В первый день варки загружаем в чан: белый песок, очищенный поташ, мелкоистолчённую известь, добытую обжигом речных ракушек…
Мешаем всё лопатой. Засыпаем в горнило. Разжигаем печь. Уголь горит жёлто-белым пламенем. Дежурим у мехов, сменяя друг друга. Грудь давит от жары, а глаза режет дым. Через несколько томительных часов наблюдаем, как смесь сначала темнеет, а потом начинает светлеть, но…остаётся густой, вязкой массой с плавающими крупинками.
— Не плавится! — кричит Тимофей, отпрянув от жара. — Температура мала! А может песок или шихта не те!
Выгребаем остывшую массу, похожую на застывшую кашу с песком. Это провал.
На второй день пробуем речной песок, просеянный сквозь мелкое сито. Добавляем к нему больше поташа, — он должен плавить. Снова топим печь и качаем меха. В горниле смесь становится жиже, но…цвет! Он ярко-зелёный, как болотная тина. Дурацкое железо!
— Песок не очистили! — ругается Гриша. — Или в извести железо есть!
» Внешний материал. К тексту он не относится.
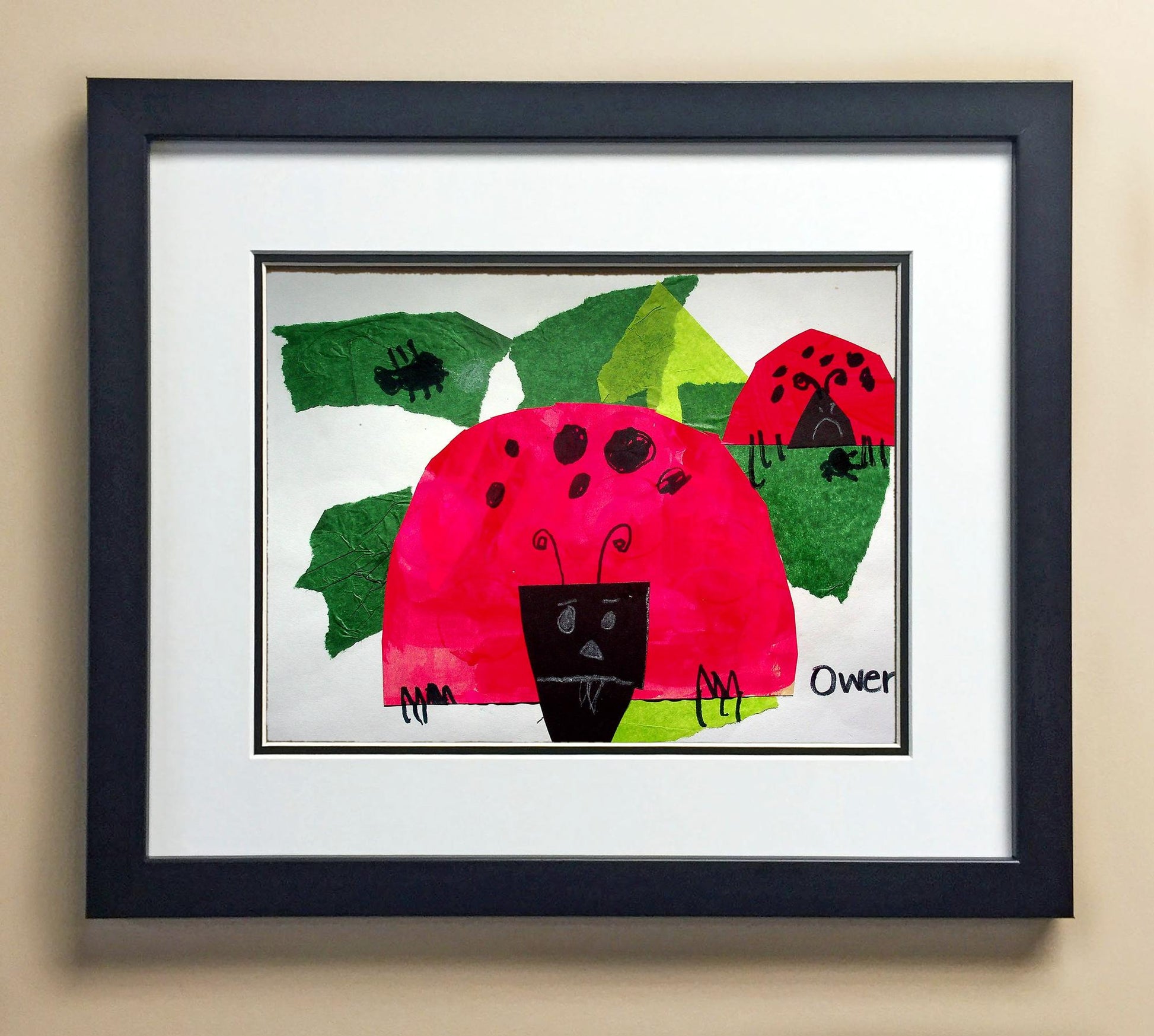 Included with the purchase is the Students Artwork, Frame, double matboard, shatter proof plexiglass, and a ready to hang backerboard with turnbuttons
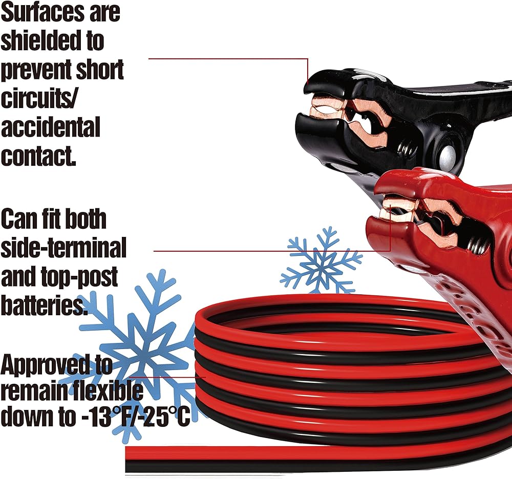 لا يلبي كابل التوصيل 10GA متطلباتك الخاصة ببدء تشغيل بطارية ميتة أو ضعيفة فحسب، بل إنه ميسور التكلفة. مثالي للاستخدام مع السيارات صغيرة الحجم.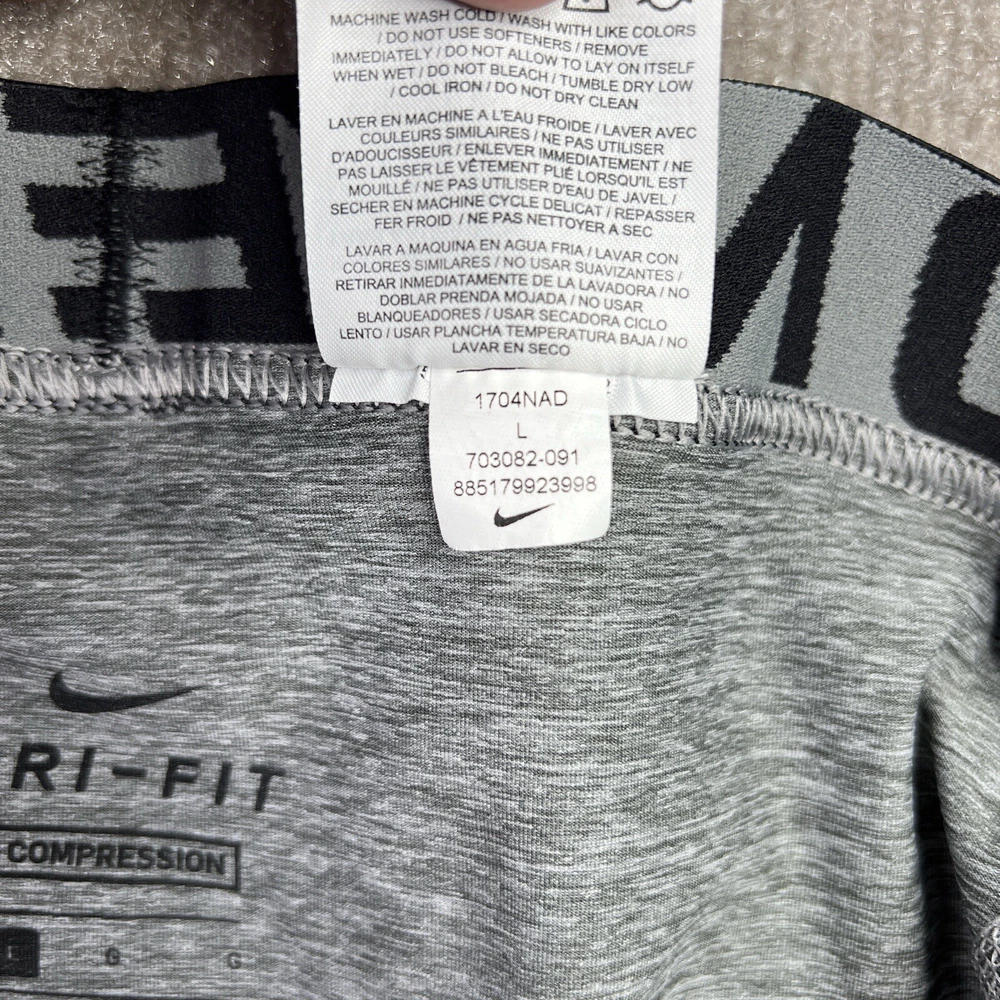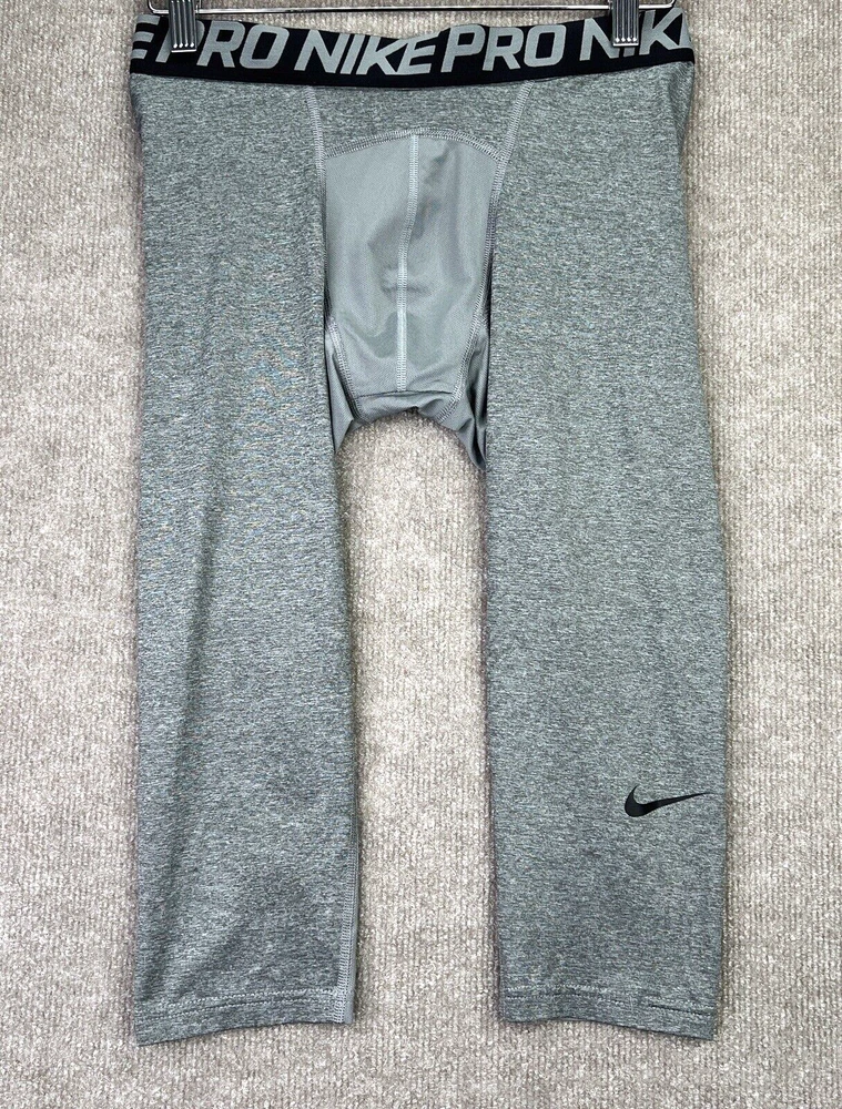 Waist Size: 28 in Size Type: Regular Fit: Athletic Product Line: Nike Pro Style: Compression MPN: 703082 Theme: Athleisure, Sports Department: Men Color: Gray Country/Region of Manufacture: Thailand Performance/Activity: Basketball, CrossFit, Cross Training, Cycling, Gym & Training, Running & Jogging Size: L Occasion: Activewear, Casual, Workwear Fabric Type: Blended Fabric Garment Care: Machine Washable Features: Compression, Elastic Waist, Lightweight, Stretch Brand: Nike Vintage: No Material: Polyester, Spandex Inseam: 18 in Pattern: Solid Leg Style: Tapered Closure: Pull On Type: Leggings Season: Fall, Spring, Summer, Winter Compression Area: Buttocks, Leg, Thigh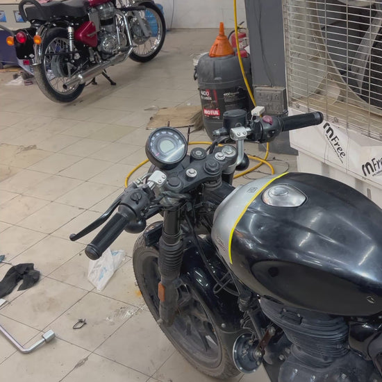 Give your Royal Enfield a true Continental GT cockpit. This conversion kit swaps your stock handle setup to GT-style clip-ons for a lower, more aggressive riding posture with direct steering feedback. Each kit is OEM-grade and includes matched clip-on bars, mounting collars, bar end weights, rubber isolation parts and the small hardware that makes the swap clean and repeatable.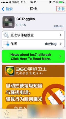 2.搜索插件名称cctoggles,找到bigboss的免费源,并安装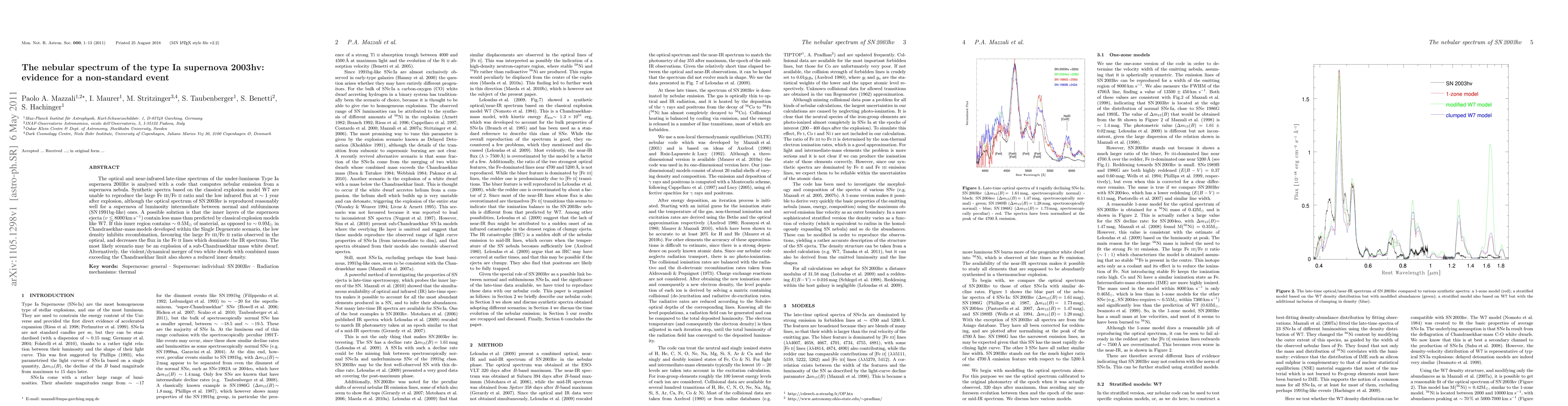 The optical and near-infrared late-time spectrum of the under-luminous Type Ia supernova 2003hv is analysed with a code that computes nebular emission from a supernova nebula. Synthetic spectra based on the classical explosion model W7 are unable to reproduce the large \FeIII/\FeII\ ratio and the low infrared flux at $\sim 1$ year after explosion, although the optical spectrum of SN\,2003hv is reproduced reasonably well for a supernova of luminosity intermediate between normal and subluminous (SN\,1991bg-like) ones. A possible solution is that the inner layers of the supernova ejecta ($v \lsim 8000$\,\kms) contain less mass than predicted by classical explosion models like W7. If this inner region contains $\sim 0.5 \Msun$ of material, as opposed to $\sim 0.9 \Msun$ in Chandrasekhar-mass models developed within the Single Degenerate scenario, the low density inhibits recombination, favouring the large \FeIII/\FeII\ ratio observed in the optical, and decreases the flux in the \FeII\ lines which dominate the IR spectrum. The most likely scenario may be an explosion of a sub-Chandrasekhar mass white dwarf. Alternatively, the violent/dynamical merger of two white dwarfs with combined mass exceeding the Chandrasekhar limit also shows a reduced inner density.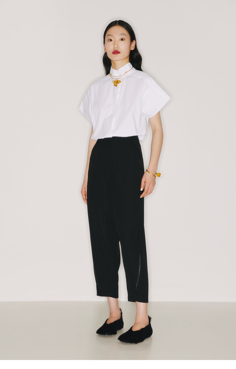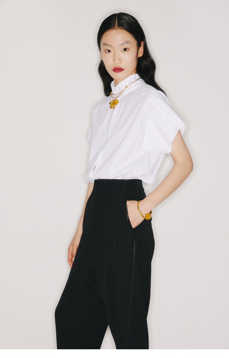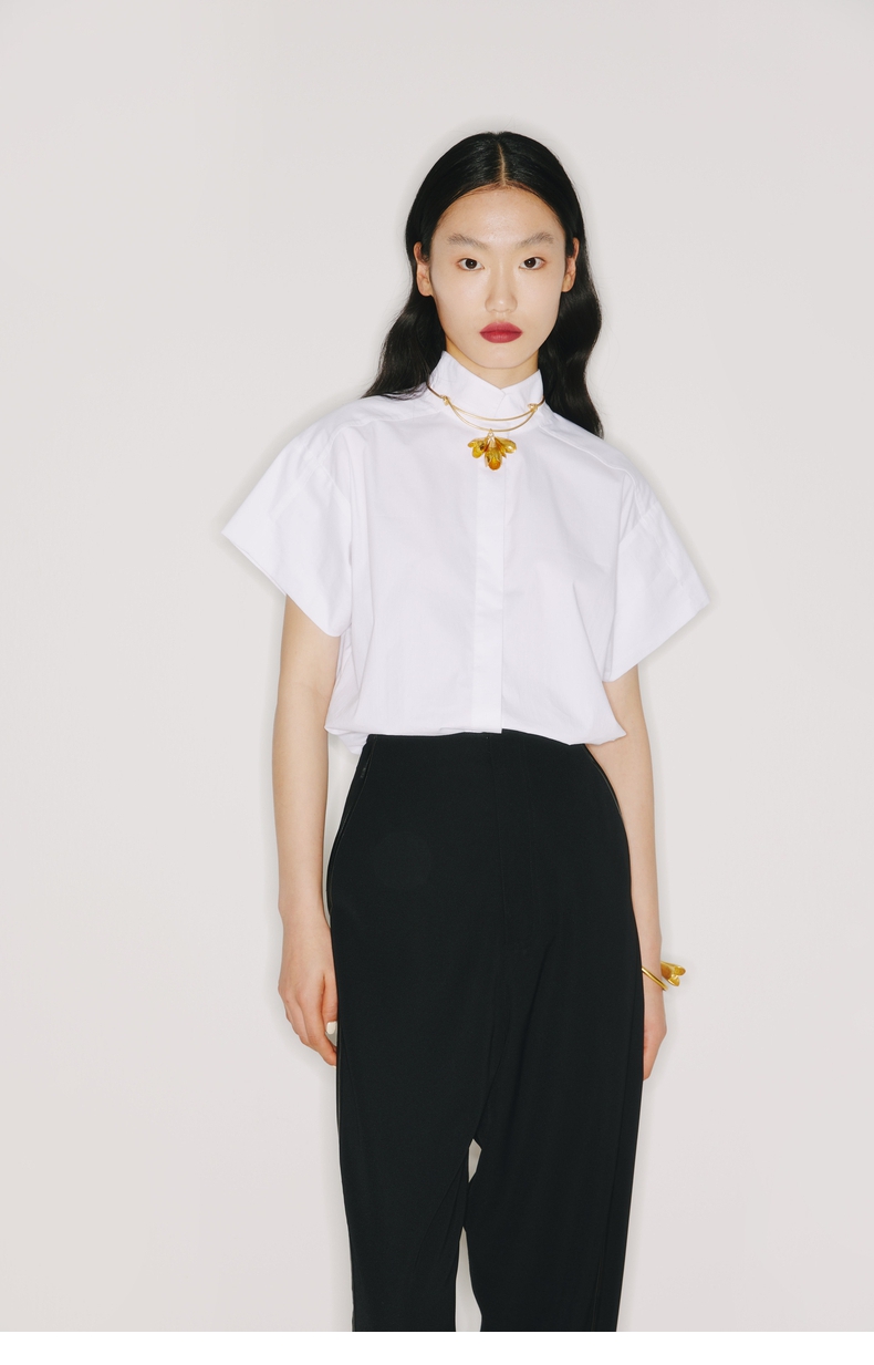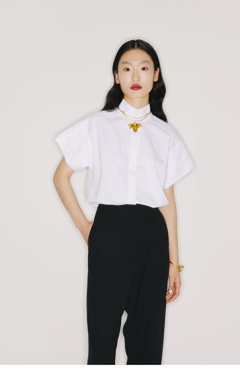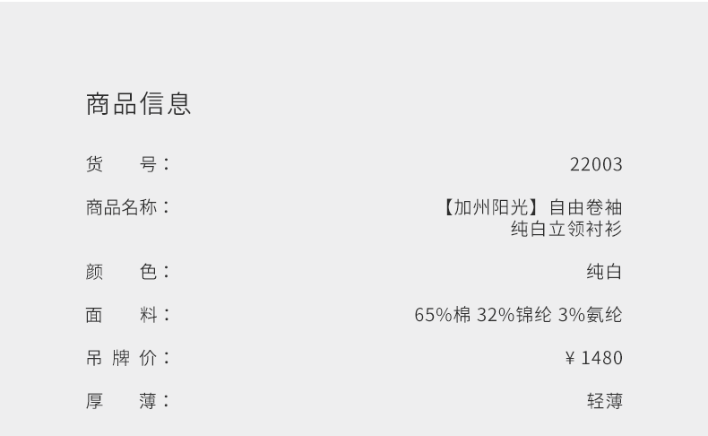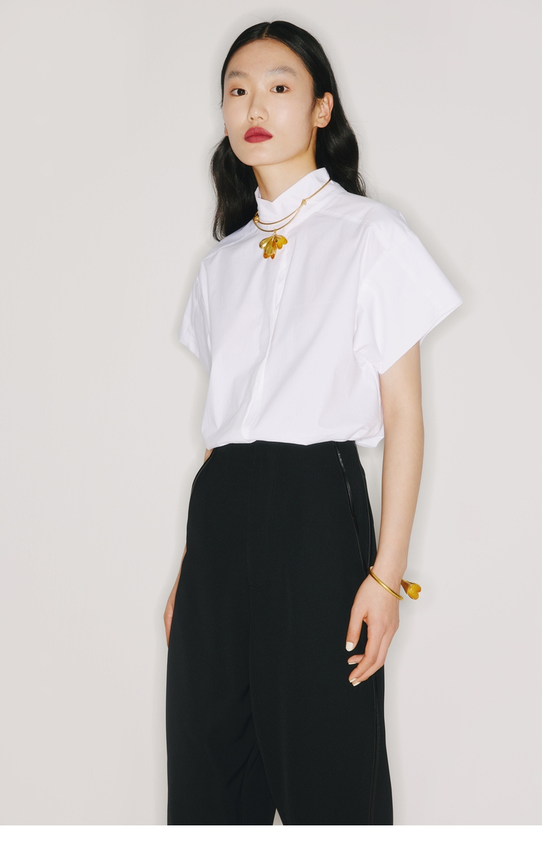 【加州阳光】自由卷袖纯白立领衬衫/22003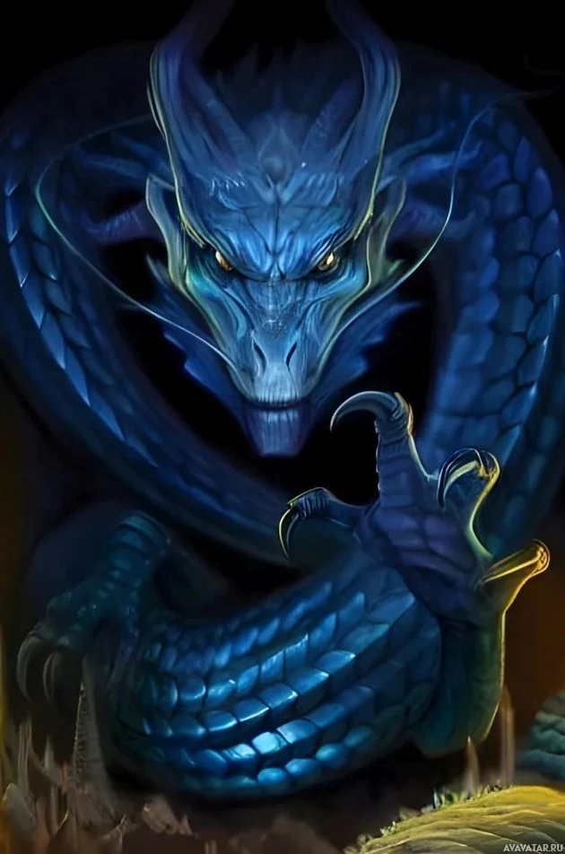 a dynamic pose, with its wings spread wide and mouth open as if roaring or breathing fire. Its scales appear to be blue, giving it a menacing and majestic appearance. In the background, there are hints of other creatures that might be part of
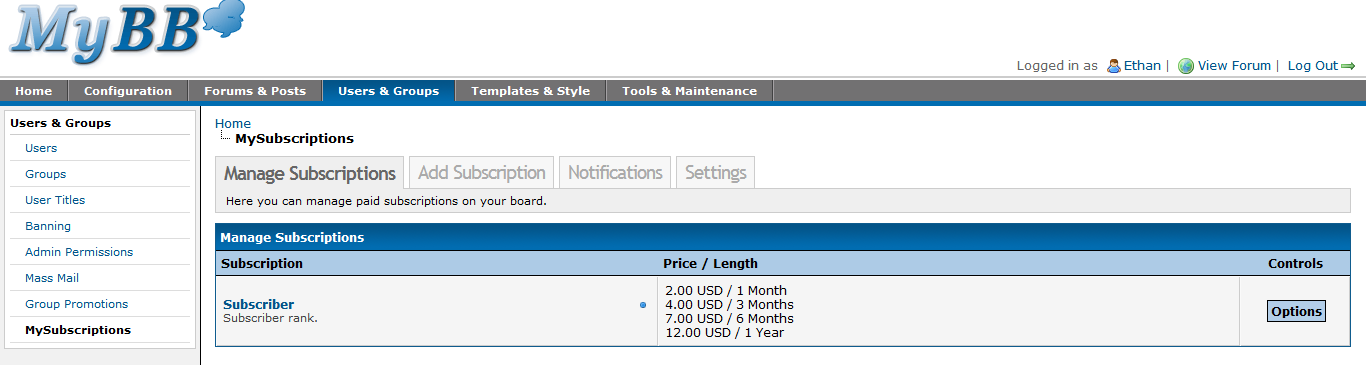 MySubscriptions is an advanced subscription plugin for Mybb. It allows the administrator to install a payments system for different groups on their forums. The plugin works similar to vBulletin's payments system included by default.Autor: EthanD

Надо мыть песок, а ещё магнитом водить!
Снова работаем. Моем песок до посинения. Просеиваем. Пропускаем через воду с магнитным железняком на дне. Берём известь из самых белых ракушек. Снова загружаем. «Пашем» у мехов. Смесь плавится лучше, цвет…бледно-зелёный. Почему не прозрачный⁈
Сижу в ступоре. Впрочем, остальные тоже утомлены и растеряны. Гриша молча пинает угол печи. Федот сидит на корточках, уставившись в угли. Даже неунывающий Иван хмурится и смотрит в потолок.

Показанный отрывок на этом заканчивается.